The multi-language dataset is now available to the Common Voice community as a beta release! This release includes all new, multi-language data that has been collected in 2018.
There are two reasons for choosing a community-focused beta release. First, the data in this release is raw. The Common Voice team will continue improving the way the data is bundled across languages, but we also want to get the dataset in the hands of those who want to start using it immediately.
Second, before a wider release, we need the help and expertise of this community to make the data better for everyone. With your help, we are targeting a full release on the Common Voice site by the end of January.
Mozilla’s DeepSpeech team has created a CorporaCreator repository on GitHub with tools for processing the Common Voice dataset. To help clean the data you can either write or improve a preprocessor for a language (here is the one shared across languages) or you can post a comment about irregularities you may have noticed in the dataset.
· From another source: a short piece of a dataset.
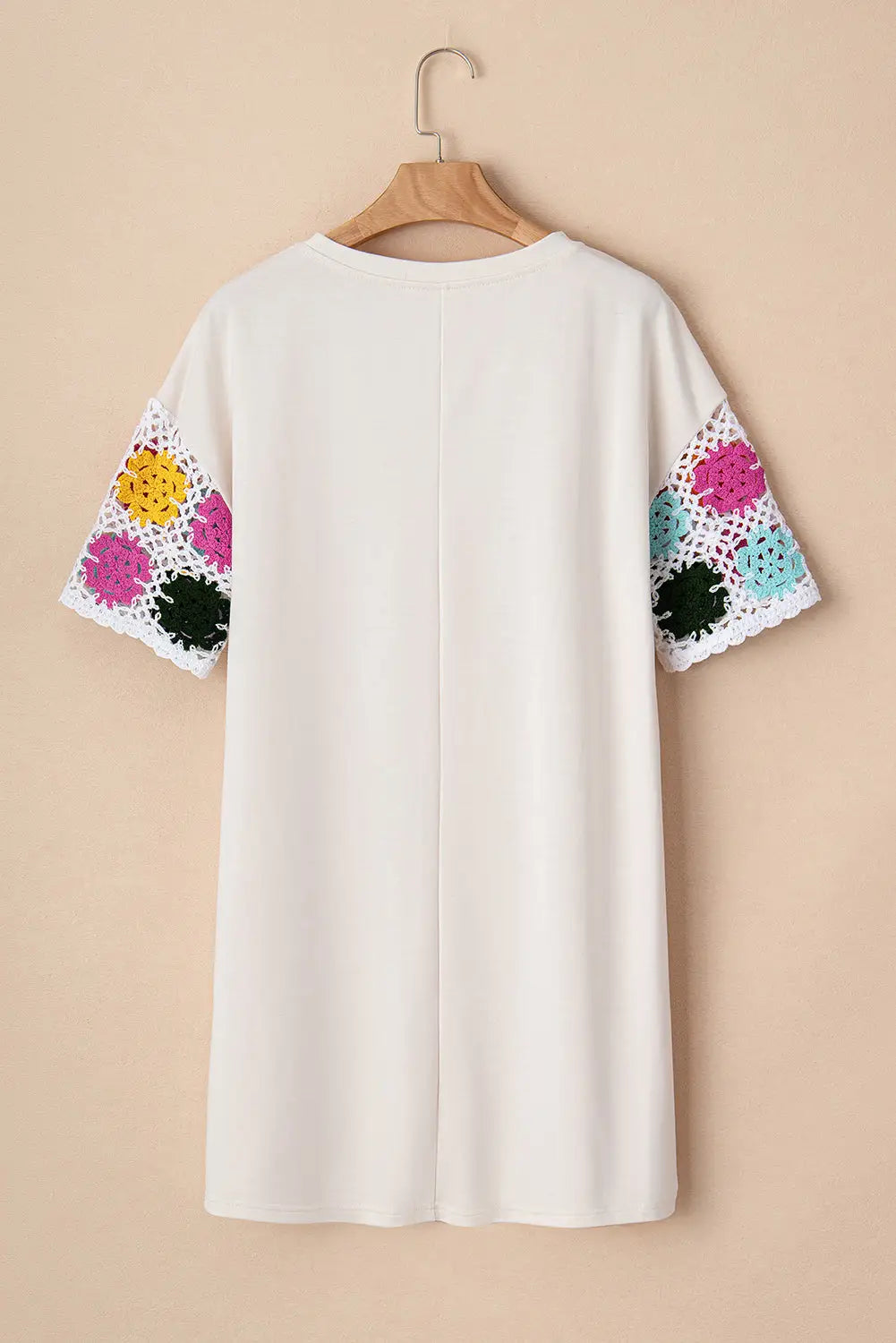White Floral Crochet T-Shirt Dress-1 White Floral Crochet T-Shirt Dress-1

In particular, we are looking for irregularities like:
- Numbers. There should be no digits in the source text because they can cause problems when read aloud. The way a number is read depends on context and might introduce confusion in the dataset. For example, the number “2409” could be accurately read as both “twenty-four zero nine”; and " two thousand four hundred nine".
- Abbreviations and Acronyms. Abbreviations and acronyms like “USA” or “ICE” should be avoided in the source text because they may be read in a way that does not coincide with their spelling. Additionally, there may be multiple accurate readings for a single abbreviation. For example, the acronym “ICE”; could be pronounced “I-C-E” or as a single word.
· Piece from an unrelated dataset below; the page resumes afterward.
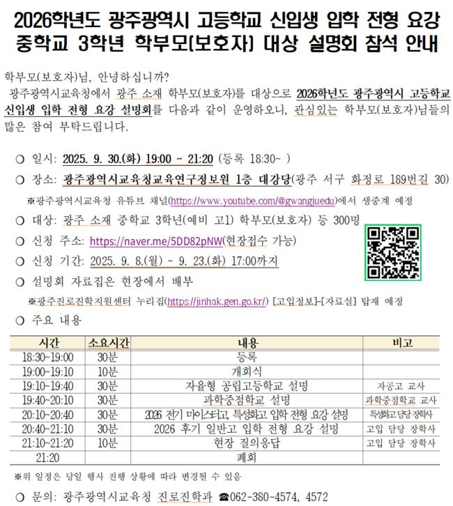 광주시교육청은 오는 30일 오후 7시 광주시교육청교육연구정보원 대강당에서 중학교 3학년 학생과 학부모를 대상으로 ‘고입 전형요강 설명회’를 개최한다고 밝혔다.

- Punctuation. Special symbols and punctuation should only be included when absolutely necessary. For example, an apostrophe is included in English words like “don’t” and “we’re” and should be included in the source text, but it is unlikely you’ll ever need a special symbol like “@” or “#.”
- Foreign letters. Letters must be valid in the language being spoken. For example, “ж” is a letter in the Russian alphabet but is never used in English and so should never appear in any English source text.
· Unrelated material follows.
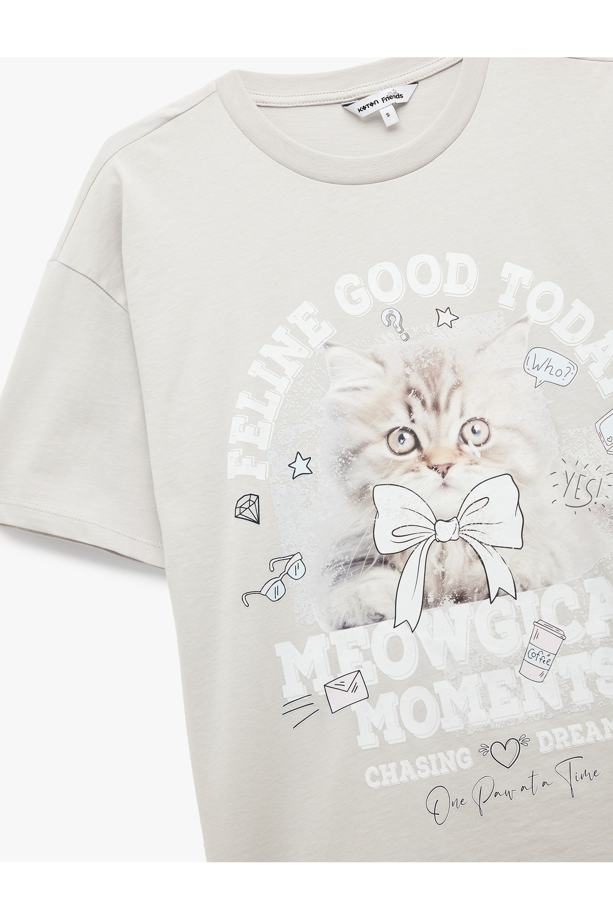 Kısa Kollu Bisiklet Yaka Baskılı Pamuklu Tişört Kısa Kollu Bisiklet Yaka Baskılı Pamuklu Tişört 5SAL10790IK XL

To get started, you will need to download the dataset’s clips.tsv file and follow the instructions in the included README. This will only give you access to the text data.
For access to the full dataset, including voice clip audio, you will need to fill out this form.
Reviewing and cleaning the Common Voice data will help everyone who uses it – from academics to small companies and all the makers who need CC0 data – to move forward with a voice-enabled project. The Common Voice team is committed to building a dataset of clean and stable data so we can practice appropriate version control and provide everyone with a way to recreate any testing they need to do in the future.
Thank you for being a part of this project!